Records shown –

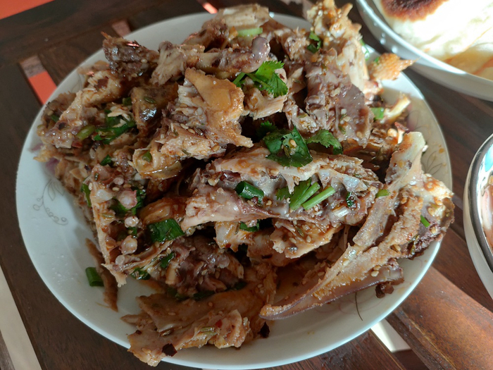 拌鸡架也是在沈阳常见的一种吃法。鸡架是事先卤过的,用手轻轻一掰,鸡架就散了,装在盆儿里,加葱花、香菜和辣椒油,拌拌就是一份啦。有的店不光有拌鸡架,还有拌鸡腿,老大一个鸡腿才5块,吃的时候多放点辣椒,那种味道绝了啊。
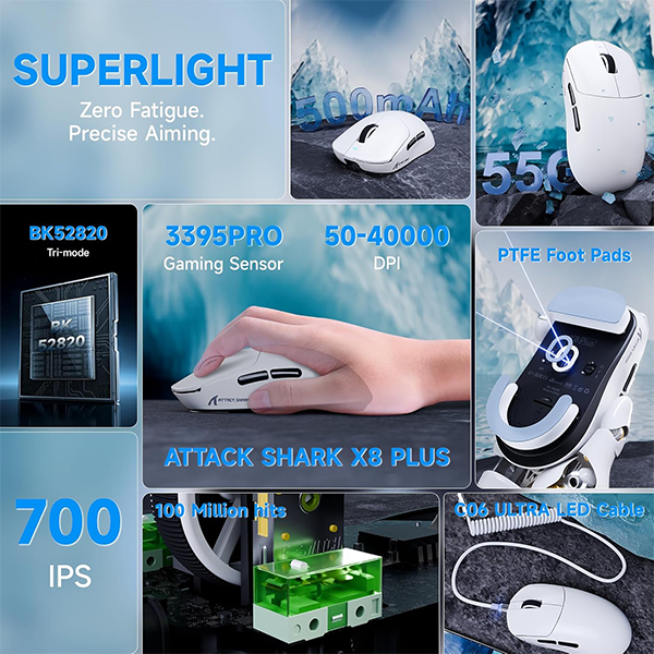 ATTACK SHARK X8PLUS (White) : une précision renforcée pour le jeu compétitif
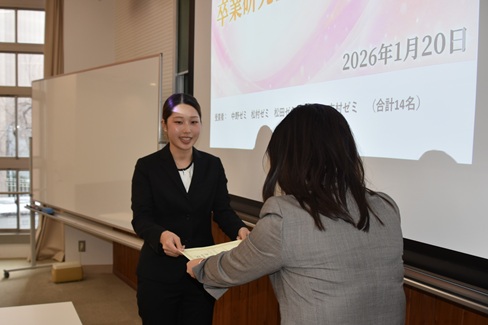 最後に挨拶に立った尚爾華学部長は「調査・分析・まとめは大変だったでしょう。卒業研究は書いて終わり、ではなく、これからの人生につながる経験になっ
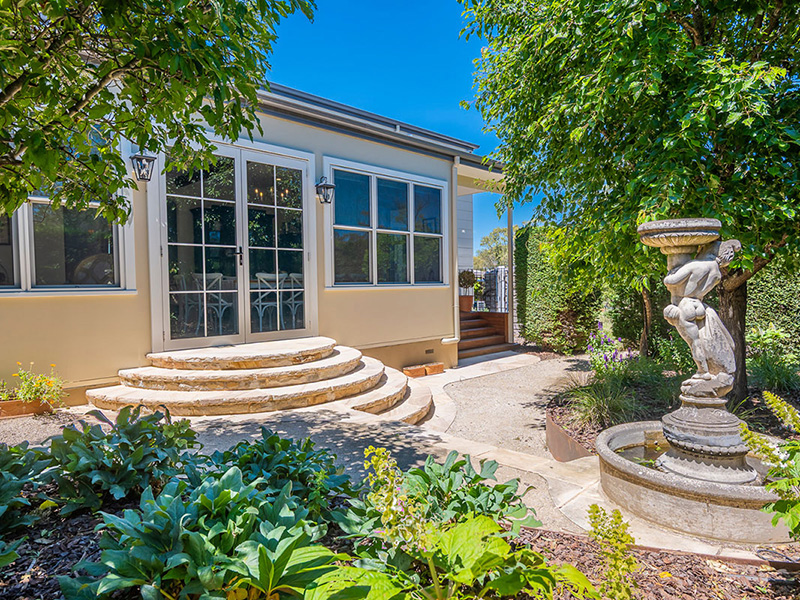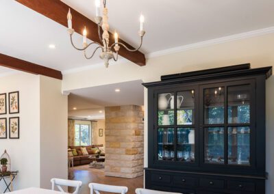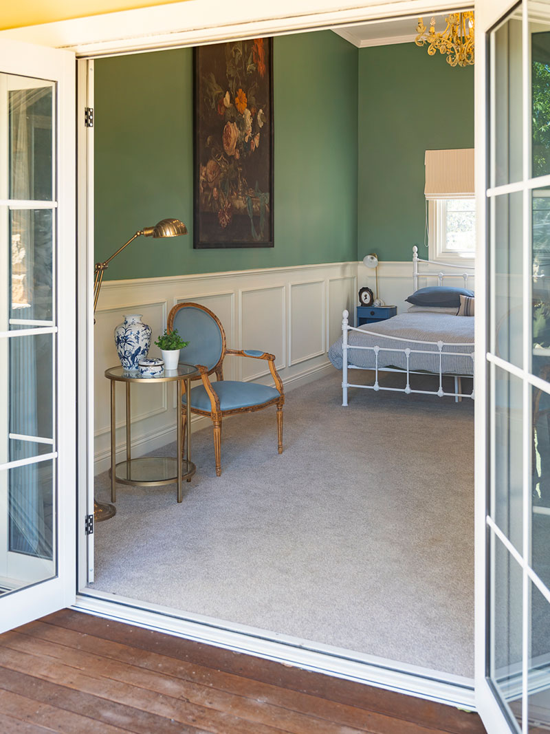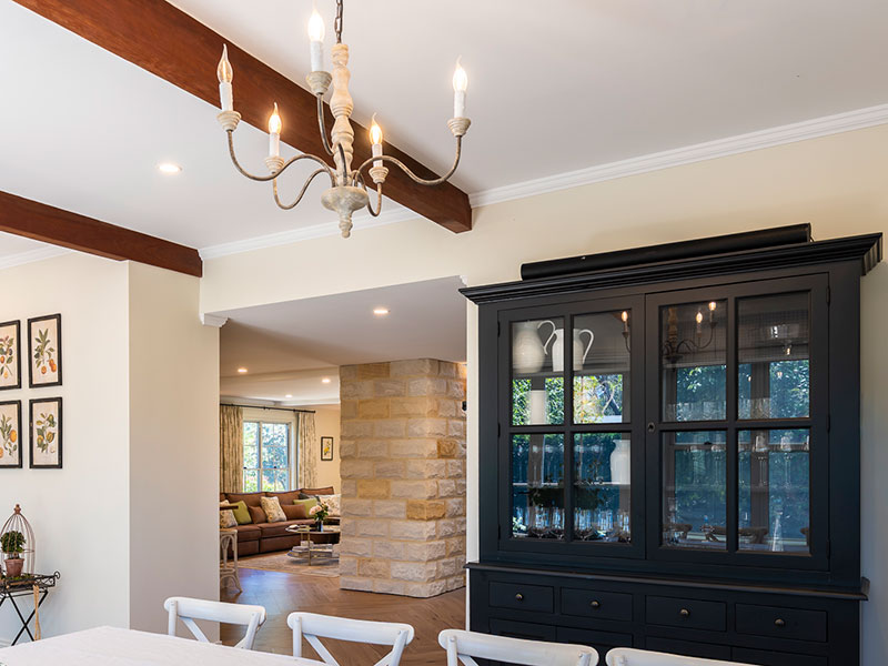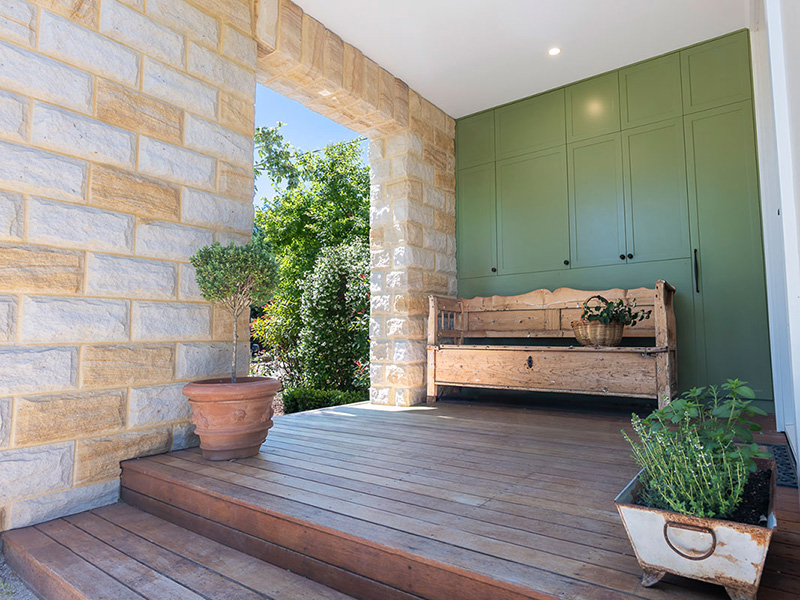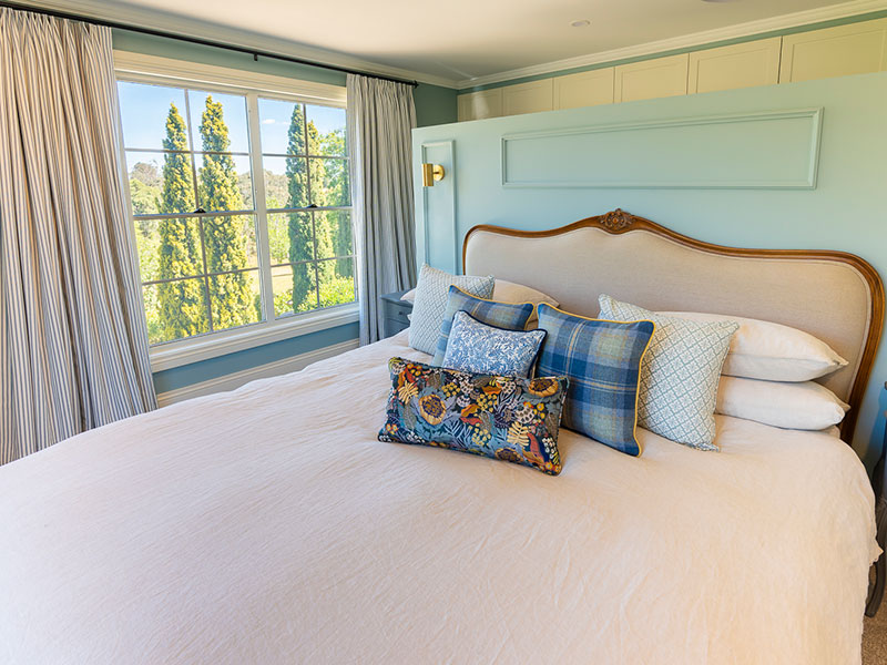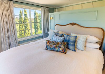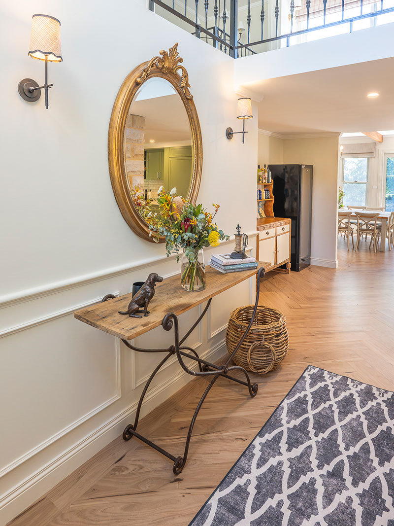 The Interior – The owners wanted to preserve the home’s European character while introducing comfort and durability suited to contemporary use. I for Style’s creation of a layered interior with a French- Country influence included a fluted butlers sink, stunning wainscoting and wall mouldings on the library joinery and the wall behind the main bedroom bed, antique and salvaged pieces throughout. All these elements add depth, warmth and authenticity.
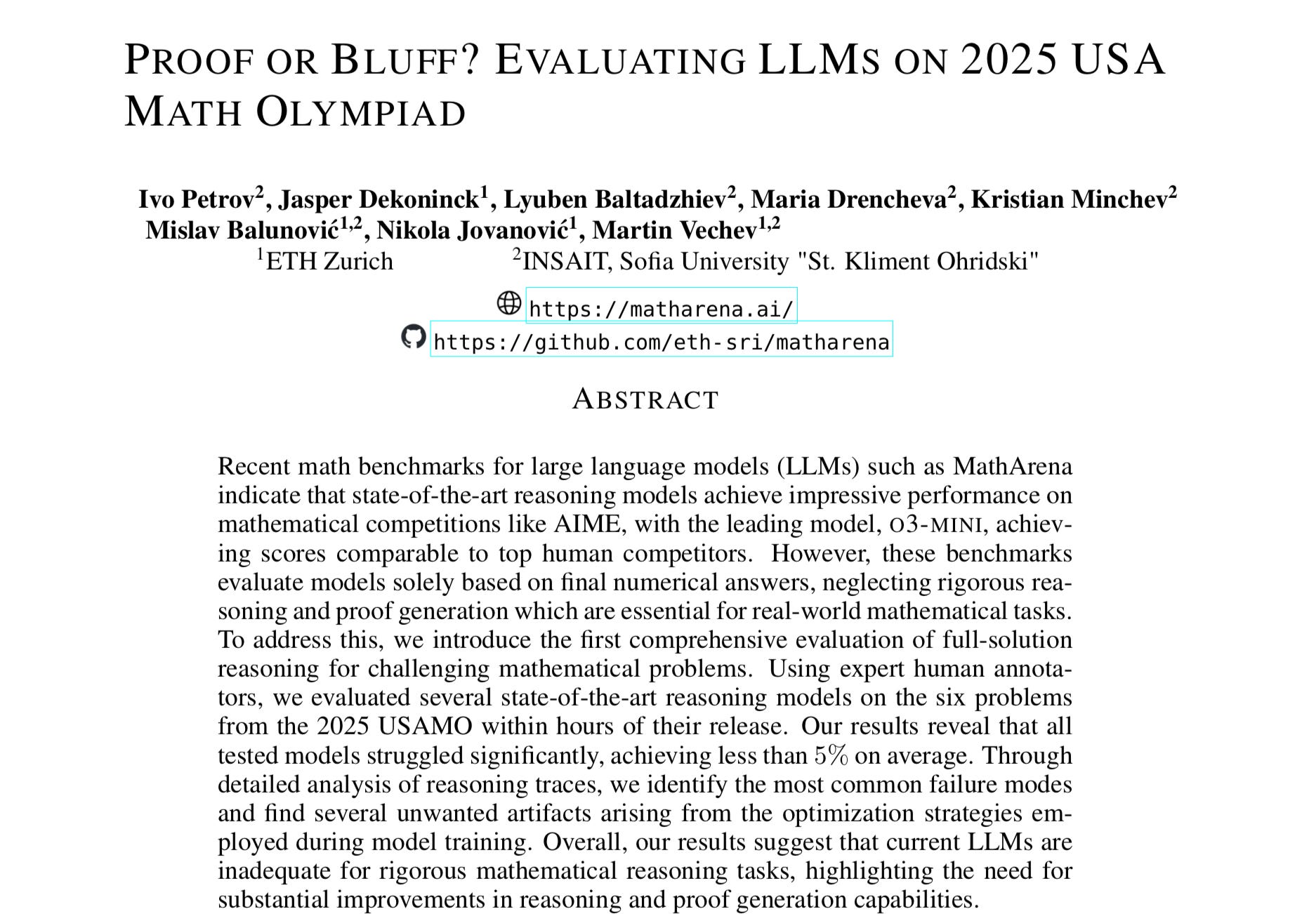 The USA Math Olympiad is an extremely challenging math competition for the top US high school students; the top scorers get prizes and an invitation to the International Math Olympiad. The USAMO was held this year March 19-20. Hours after it was completed, so there could be virtually no chance of data leakage, a team of scientists gave the problems to some of the top large language models, whose mathematical and reasoning abilities have been loudly proclaimed: o3-Mini, o1-Pro, DeepSeek R1, QwQ-32B, Gemini-2.0-Flash-Thinking-Exp, and Claude-3.7-Sonnet-Thinking. The proofs output by all these models were evaluated by experts. The results were dismal: None of the AIs scored higher than 5% overall.
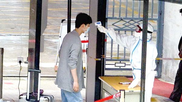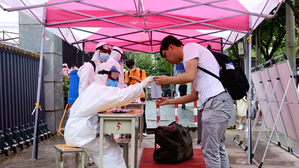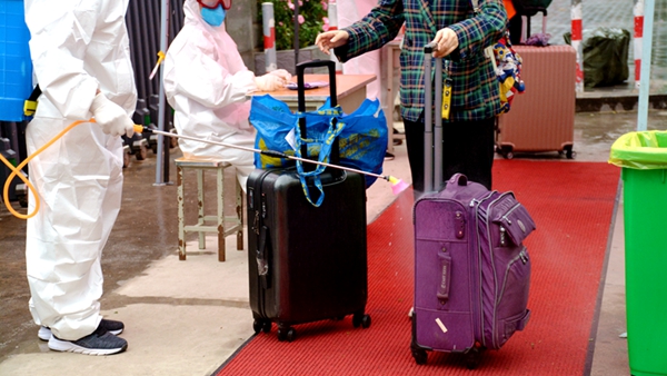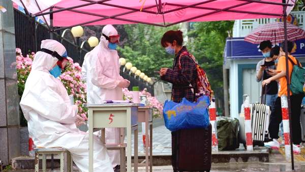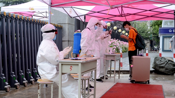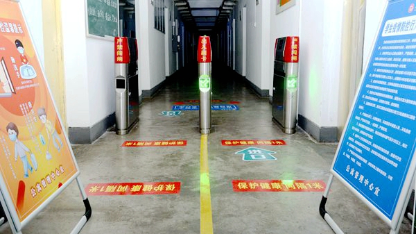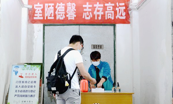 校門口,工作人員引導報到學生有序通過測溫通道、消殺區、身份核驗區、掃碼報到區、院系學生報到處,對學生行李就地進行全面消毒、更換口罩、測量體溫、核驗健康綠碼和身份證明、簽訂返校承諾書,依次完成開學報到各個項目步驟后,學生在輔導員、聯絡教師的陪同下,保持安全距離,前往各自所在的公寓樓,經公寓管理人員測溫、手部消毒、信息登記后,領取出入證進入宿舍。
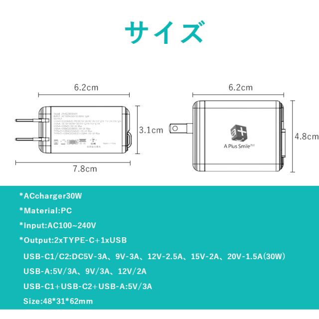 出力: USB-C1/C2:DC5V-3A、9V-3A、12V- 2.5A、15V-2A、20V-1.5A(30W)
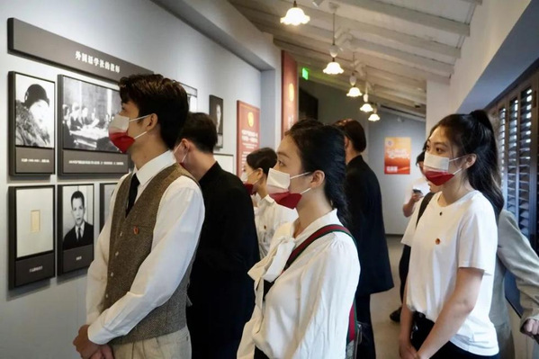 为了更好地读懂、演好剧本人物,同学们前往上海龙华烈士陵园陈延年、陈乔年、赵世炎三位烈士墓前悼念,前往渔阳里中国社会主义青年团中央机关旧址参观学习,研读两位烈士的传记,从红色影视作品中寻找资料,剖析人物情感,建立人物关系。

Task objective –
The answer is the lines of the material above, from the one containing "ATTACK SHARK X8PLUS" down to the one containing "The Interior –", given exactly and without images.

Exercise result –
 ATTACK SHARK X8PLUS (White) : une précision renforcée pour le jeu compétitif
 最後に挨拶に立った尚爾華学部長は「調査・分析・まとめは大変だったでしょう。卒業研究は書いて終わり、ではなく、これからの人生につながる経験になっ
 The Interior – The owners wanted to preserve the home’s European character while introducing comfort and durability suited to contemporary use. I for Style’s creation of a layered interior with a French- Country influence included a fluted butlers sink, stunning wainscoting and wall mouldings on the library joinery and the wall behind the main bedroom bed, antique and salvaged pieces throughout. All these elements add depth, warmth and authenticity.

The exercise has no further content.